After only a few months of operation, the ride was damaged by high winds in October 1906. In time for the 1907 season, the ride was repaired and the "pond at the foot of the chute [was] enlarged for better handling of the boats."[18 - Deseret News, April 27, 1907: 12.]
That spring the resort also constructed its first roller coaster-type ride referred to as a scenic railway.[19 - Deseret News, May 25, 1907: 12.]
The scenic railway was a 40-foot high wooden trestle supporting a double figure-eight roller coaster, possibly designed by Frederick Ingersoll who had designed a scenic railway for the Salt Palace Resort the previous year. A Lagoon advertisement published in 1907 used the term "thrilling roller coaster" to describe the scenic railway.[20 - Salt Lake Tribune, July 3, 1907: 8. On May 30, 1908, the scenic railway had its first serious accident when a young man was thrown from the one of the cars and suffered a broken leg. Davis County Clipper, June 5, 1908: 1.]
During the early 1900s, a series of managers handled day-to-day operations of the resort for Simon Bamberger. By the time Bamberger began his gubernatorial campaign, the resort was in the capable hands of A. C. Christensen. Anthon C. Christensen served as the assistant manager of Lagoon between 1908 and 1916, and the general manager between 1917 and 1927.[21 - A. C. Christensen's wife, Isabella, worked as a bookkeeper for the resort in the 1930s.]
In his first year as general manager, Christensen oversaw $40,000 in improvements to the resort including a thousand tons of sand shipped for an enlarged swimming area called Waikiki Beach, and the replacement of the big electric merry-go-round with an even bigger Herschell-Spillman model.[22 - Salt Lake Telegram, May 22, 1918: 10.]
In advance of Lagoon's opening for the 1918 season, the Waikiki Beach swimming pool received the lion's share of publicity, but one newspaper article quoted A. C. Christensen, who perfectly described the Herschell-Spillman menagerie carousel being installed at Lagoon:
The former merry-go-round has given place to a new one, which is said to be one of the finest in the West. The new amusement device is the modem type, having room for sixty passengers and nearly every bird and beast which went into the ark will be saddled and bridled ready to carry the kiddies on a happy ride.[23 - Salt Lake Telegram, May 22, 1918: 10.]

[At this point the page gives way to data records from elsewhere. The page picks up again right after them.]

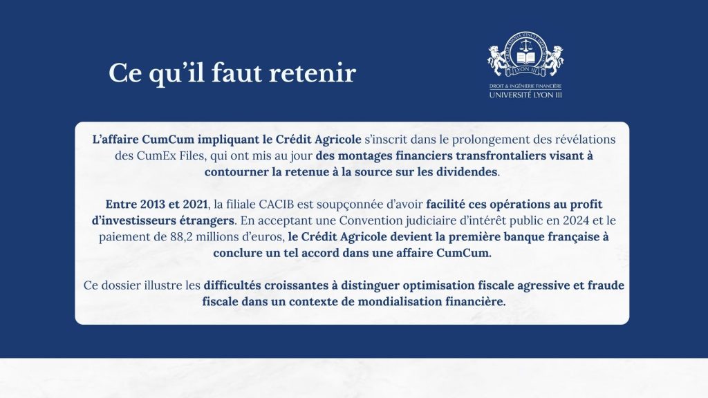 - Clara Pélégry (M2) et Pauline Boisson (M1) ont ensuite analysé l’affaire dite « CumCum » impliquant le Crédit Agricole, en exposant les mécanismes fiscaux en cause et les réponses apportées par les autorités.
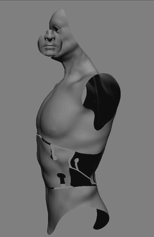 Quisiera hacer un modelo mitad humano mitad máquina, voy a usar Rhinoceros y XSI, la parte humana ya está casi lista ahora viene integrar lo mecánico con lo que tengo humano.
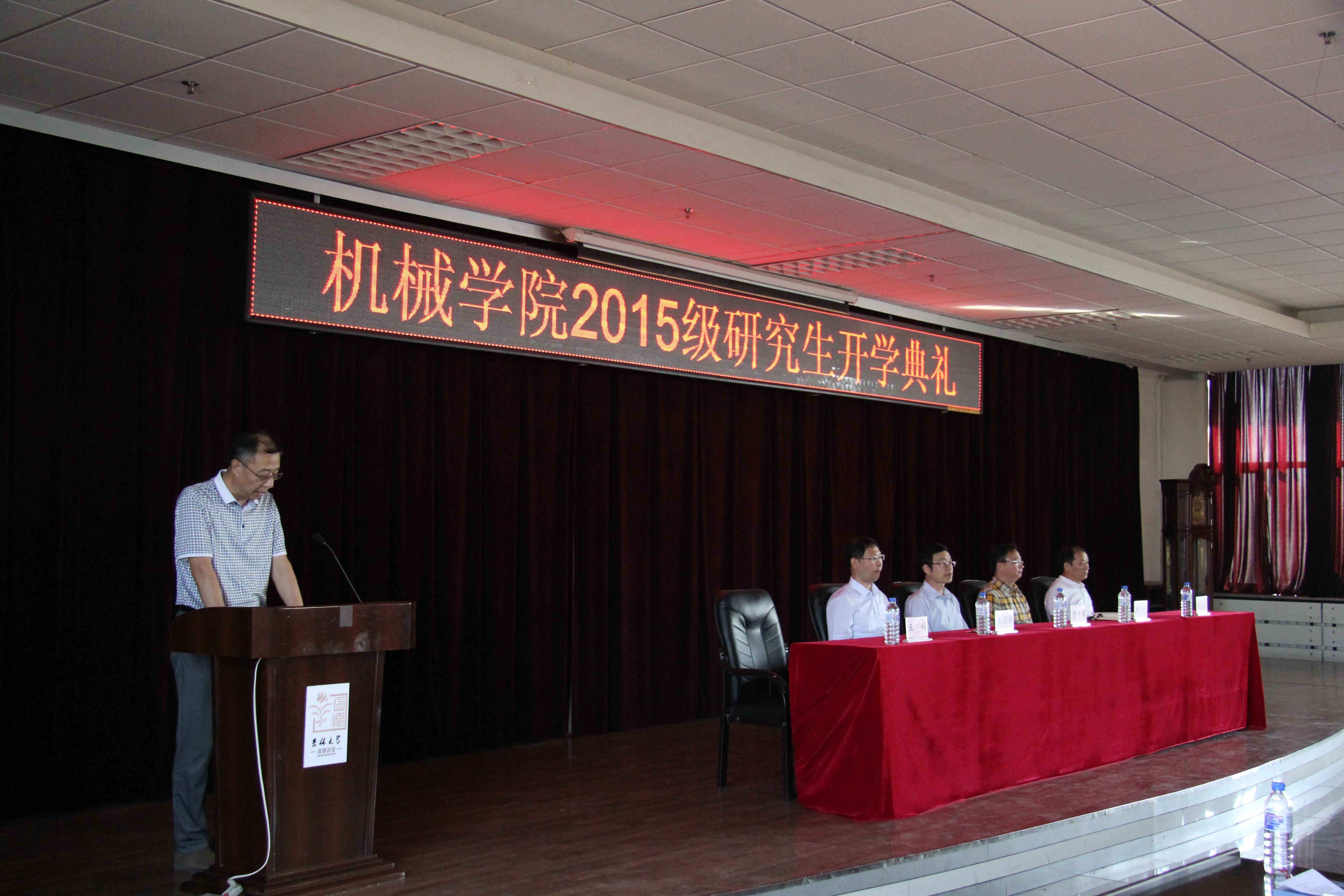 金秋九月,丹桂飘香,9月8日上午,机械公司在机械材料馆8楼隆重举行了2015级研究生开学典礼。经理杨兆军教授,党委书记王国强教授,副经理赵宏伟教授等出席了此次典礼,由公司党委副书记王柏教授主持。

At the northwest end of the park, baseball games, bicycle races, and other special exhibitions were held that drew larger crowds. In 1911, Farmington resident Milton Hess was contracted to build a track for horse racing. The horse races were well attended for two years before horse-racing was outlawed by the Utah legislature in 1913. The outline of the track and the old bam still exist. On October 11, 1914, Lagoon used the track area to sponsor an exhibition race between an automobile and an airplane that thrilled over 2,000 spectators.[24 - Thirty-five separate exhibitions by aviator, Lincoln Beachey, and driver, Barney Oldfield, were held all over the country in 1914.]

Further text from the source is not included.